**ABOUT THIS TASK:**
Look through the listing below for the line with "上流の西端は上代、中流の山谷" and the line with "Petal Trace Embroidery". Copy both, along with every line between them, exactly and with no pictures.

*** STORED DATA Section Begins ***

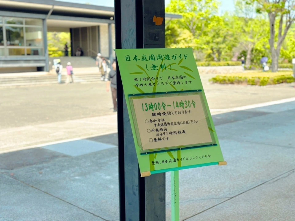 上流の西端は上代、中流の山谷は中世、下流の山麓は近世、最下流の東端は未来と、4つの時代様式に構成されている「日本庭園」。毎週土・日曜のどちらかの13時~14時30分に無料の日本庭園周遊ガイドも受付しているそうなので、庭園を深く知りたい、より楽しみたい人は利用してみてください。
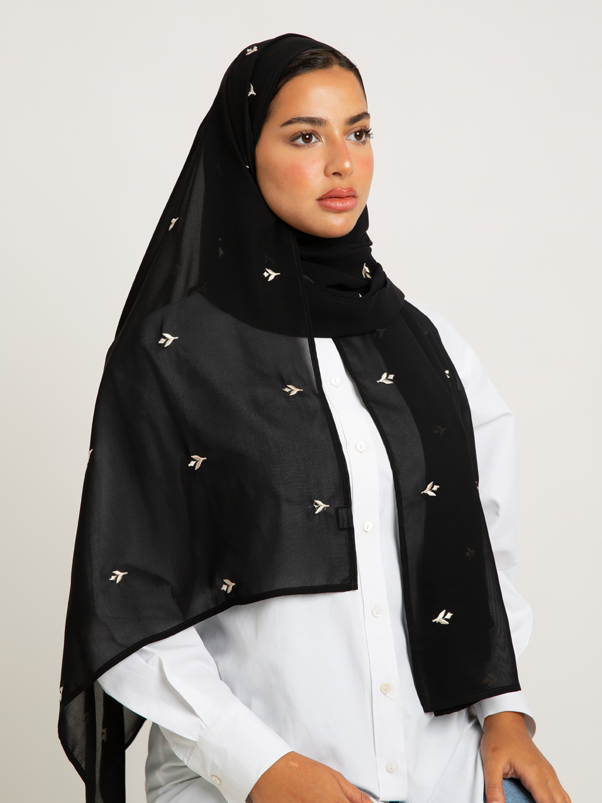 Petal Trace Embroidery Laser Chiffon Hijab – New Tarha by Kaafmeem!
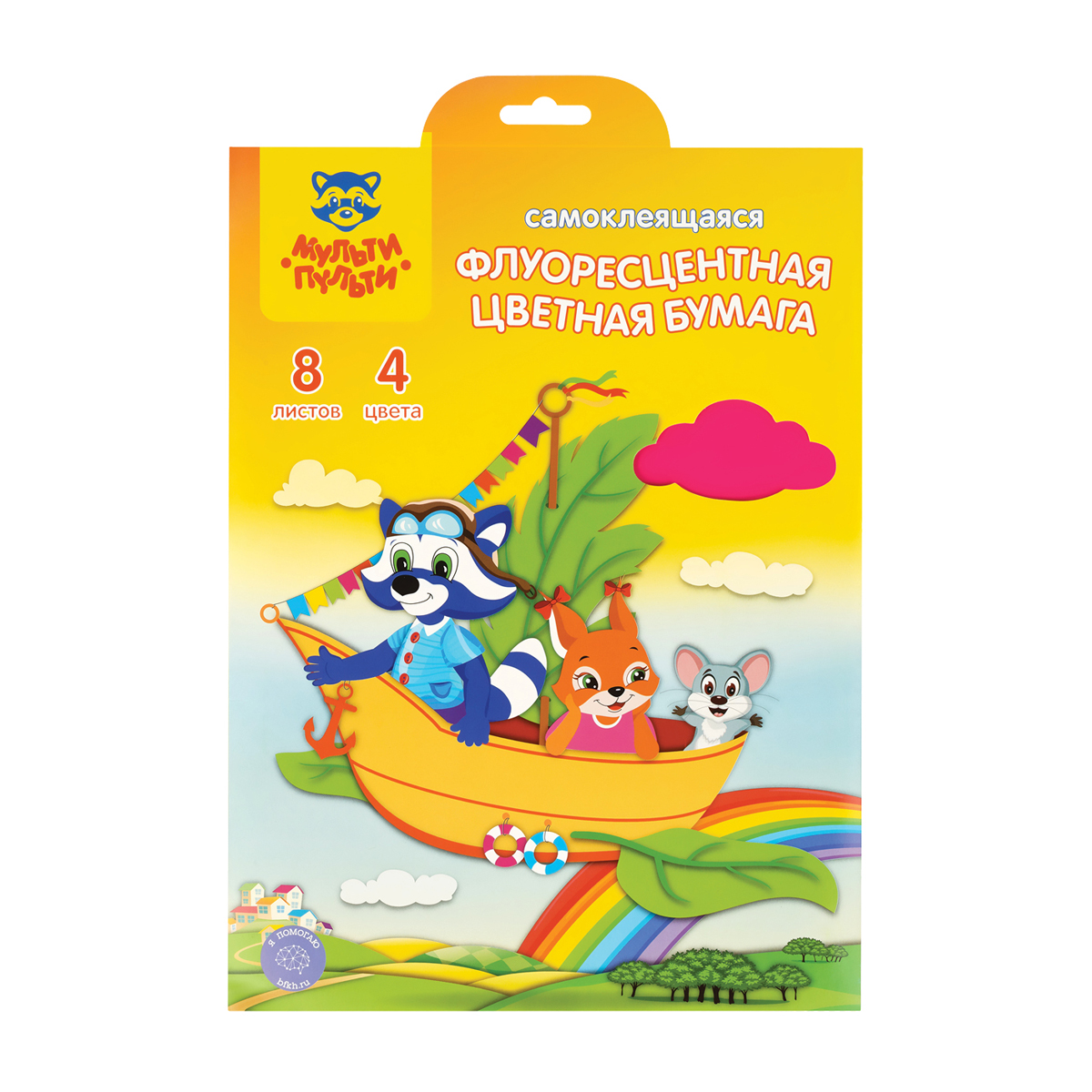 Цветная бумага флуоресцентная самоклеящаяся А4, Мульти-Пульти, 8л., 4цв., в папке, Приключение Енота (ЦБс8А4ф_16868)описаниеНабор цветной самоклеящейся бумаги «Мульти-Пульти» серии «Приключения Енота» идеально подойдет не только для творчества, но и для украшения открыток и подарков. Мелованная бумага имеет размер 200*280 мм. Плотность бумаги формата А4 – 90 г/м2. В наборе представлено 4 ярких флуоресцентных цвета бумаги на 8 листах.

*** STORED DATA Section Ends ***
*** STORED DATA Section Begins ***

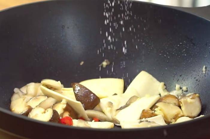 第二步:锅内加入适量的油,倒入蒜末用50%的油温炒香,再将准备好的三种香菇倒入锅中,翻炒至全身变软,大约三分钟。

*** STORED DATA Section Ends ***

**TASK OUTPUT:**
 上流の西端は上代、中流の山谷は中世、下流の山麓は近世、最下流の東端は未来と、4つの時代様式に構成されている「日本庭園」。毎週土・日曜のどちらかの13時~14時30分に無料の日本庭園周遊ガイドも受付しているそうなので、庭園を深く知りたい、より楽しみたい人は利用してみてください。
 Petal Trace Embroidery Laser Chiffon Hijab – New Tarha by Kaafmeem!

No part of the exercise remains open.